In September 2021, Accenture was engaged on an emergency incident response for a ransomware attack. During the investigation, we found no correlations between the tools used by the threat actor, ransom note format or threat actor communications and other ransomware attacks. Later correspondence with the threat actor confirmed that this was indeed a new threat to which we assigned the codename ‘Wobbegong’.

Over the past 24 months, Accenture has observed a sharp increase in ransomware incidents, tools, and threat groups. Most of the newer groups we have observed have been splinter groups that have separated from other groups. They often share many of the same tools and techniques as their former affiliates. The vast majority of ransomware groups Accenture has come across, including more recent splinter groups, operate with a mature capability developed over years of experience executing ransomware attacks.

However, the potential financial rewards, low risk and low technical barriers to entry may be enticing new entrants to ransomware extortion with relatively low levels of experience, creating new risks for victims.

In this blog post, we examine the risks posed by these new entrants, analyses Wobbegong’s tactics, techniques, and procedures (TTPs), and outline proactive steps Cyber Defence teams can take to defend against Wobbegong and other related threat actors.


One of the first steps in any ransomware investigation is to identify the threat actor. Knowing who the threat actor is can speed up and reduce the effort required to contain the threat by enabling the response team to identify and proactively hunt for known prior tradecraft. During the initial investigation, Accenture was unable to identify any correlations between the infrastructure, tools, ransomware notes, payment wallets or engagement channels used by Wobbegong and any other known ransomware threat actors. However, later during the investigation, a user on a forum posted a question regarding a ransomware attack that referenced the same TOX user ID and a ransom note that correlated with Wobbegong, suggesting that this incident wasn’t isolated and that more attacks are likely to follow.

The extortion note left by Wobbegong’s ‘Locker’ ransomware:

Many of the ransomware attack victims Accenture works with elect to engage with the threat actor, whether they have an intention of making a ransom payment or not. It’s good practice to keep this option on the table while the investigation unfolds. During communications with the threat actor, they confirmed that they were indeed a new group.

This fact that we were dealing with a new threat actor presented several significant challenges in terms of determining the risk to the client in making a ransom payment. It would not be possible to determine if they would be in breach of international sanctions and with no history to draw from, confidence was not high that data could be recovered even if the ransom was paid. Later in the investigation, this turned out to be a very real concern.

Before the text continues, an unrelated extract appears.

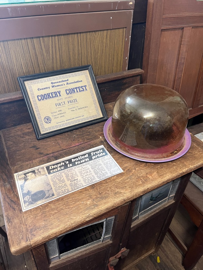 Showcasing the history of the Barcaldine district within the old National Bank building are items from local properties, households, and businesses. My favourite by far, however, is Daph’s boiled fruit cake, baked in 1976, memorialised in a glass dome.

The forensic investigation suggested that Wobbegong used CVE-2019-18935 as the initial point of entry. This vulnerability allows remote code execution through a .NET deserialization vulnerability in the RadAsyncUpload function of Progress Telerik UI for ASP.NET AJAX. Exploit code for this vulnerability can be easily found through code-sharing sites such as GitHub and Exploit-DB. While it is likely that Wobbegong has access to other exploits, it was interesting to note that both the exploit and the custom malware tools used by this threat actor are all based on the .NET framework, suggesting the threat actor may have capability or experience with this specific framework.  

Following initial entry, Wobbegong maintained access to the environment for 103 days before deploying the ransomware. This dwell time is typical of most ransomware groups that automate mass exploitation of vulnerabilities and come back at a later-date to monetise their access through the deployment of ransomware. The lengthy dwell time also suggests there may be other victims of this threat who do not know they have already been compromised at the time of writing this article.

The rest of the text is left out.